Watering Water as needed throughout the growing season; a well draining soil is suggested poor draining soils will quickly lead to root rot, especially with newly collected specimens.

Re-potting re-pot in fall or early spring every three to five years, when the tree has become established re-pot as necessary when roots fill the pot.

Pruning Collected Ponderosas have a slow growth rate so keep pruning to a minimum.  Structural pruning should be executed in late fall or winter when sap flow has slowed down.  During winter bring them in for 24 hours to completely thaw out before pruning, wiring, or shaping.  Restrict candle pinching and shoot pruning to only the vigorous areas.  Utilize existing branches to their fullest potential; growing new branches can take many years.  Note: I have observed rapid growth in some specimens, where the shoots have extended up to 4 inches in one growth cycle.  In the fall after they have hardened off I have cut them back by ½ only to be rewarded with prolific bud back the following spring.  This also helped to balance the energy throughout the tree.

Needle Cutting Selectively cut needles only in very vigorous areas during the fall to equally distribute energy and bring light and air to the inner and lower branches.  For refined trees remove apical buds on vigorous shoots if extension is not required.

Collected Specimens & Pre-Bonsai Collect specimens in fall to take advantage of the second period of root growth.  The long fall season here in coastal Virginia seems to help them become established before winter sets in (1st week of January).  When collecting preserve as much of the root system as possible without disturbing the duff.  After transporting, wrap the long root extensions and the duff attached to the feeder roots, around the inside of the training pot.  Remove the original soil not the attached duff, keeping the roots moist and being careful not to damage the fine feeder roots.  Cut away dead roots and/or the tap root with a clean cut and seal with cut paste.  Save some of the original soil to reintroduce the microriza back into the soil.  Use a well draining soil mix to prevent root rot, water with Super Thrive (vitamin B) once a week for the first two weeks after collection.  Grow for one year without pruning allowing the root system to fully recover.

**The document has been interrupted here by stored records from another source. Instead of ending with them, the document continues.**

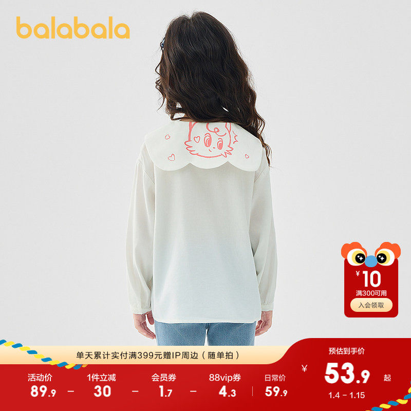 巴拉巴拉儿童衬衫女童装2025春装新款宝宝小童长袖上衣大翻领衬衣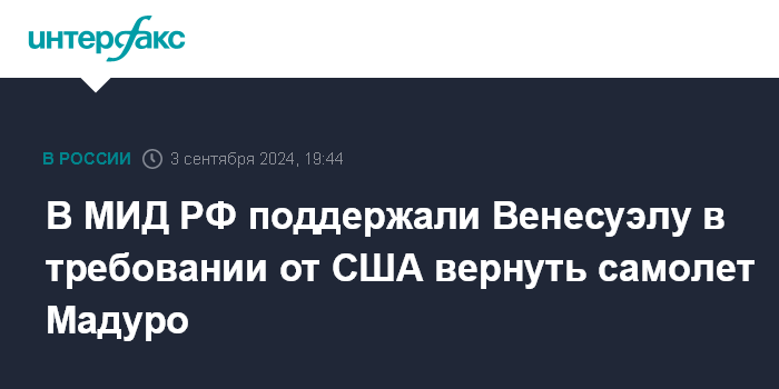 Москва. 3 сентября. INTERFAX.RU - В МИД РФ осудили конфискацию Соединенными Штатами Америки венесуэльского президентского борта, который находился на сервисном обслуживании в Доминиканской Республике.
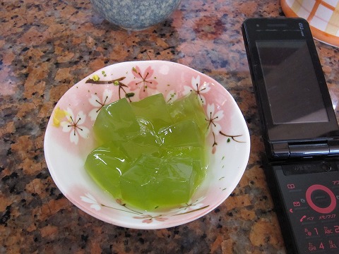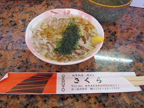 12:17 他に ところてんの原料、テングサは伊豆の特産。 で、ところてんは5種類くらい。 一つは上の、ふつうの細長いところてん。 これは、抹茶味。 ところてん、四角くなれば、寒天? 砂糖が入っていて甘い。 微糖だけど、食事前にはあまりおすすめじゃないね。 その他に、コーヒー味。 これもたぶん甘そうだったので、手は出さなかった。 それに、味のないところてんを四角くした寒天。 置いてあるきな粉や糖蜜をかけて、あんみつ風にして食べるみたい。 そして、もう一つが・・・『忘れたね』 (-_-;) |

Place newly collected specimens in partial shad until new buds have developed and new shoots have extended.  Note: I will only collect specimens if at least 40 percent of the fine feeder roots and duff can be preserved.  Specimens collected with less than 40 percent of the feeder roots will struggle during the next spring and may fail to produce buds and shoots the following year. If this occurs they will eventually becoming weak and die when the day time temperature exceeds 90 degrees F.  I have also observed that after collection some of the specimens will have needles that stand up and spread out after 3 weeks.  These are the trees that bud out first and grow profusely the next spring.  Following this procedure I have enjoyed an 85% survival rate.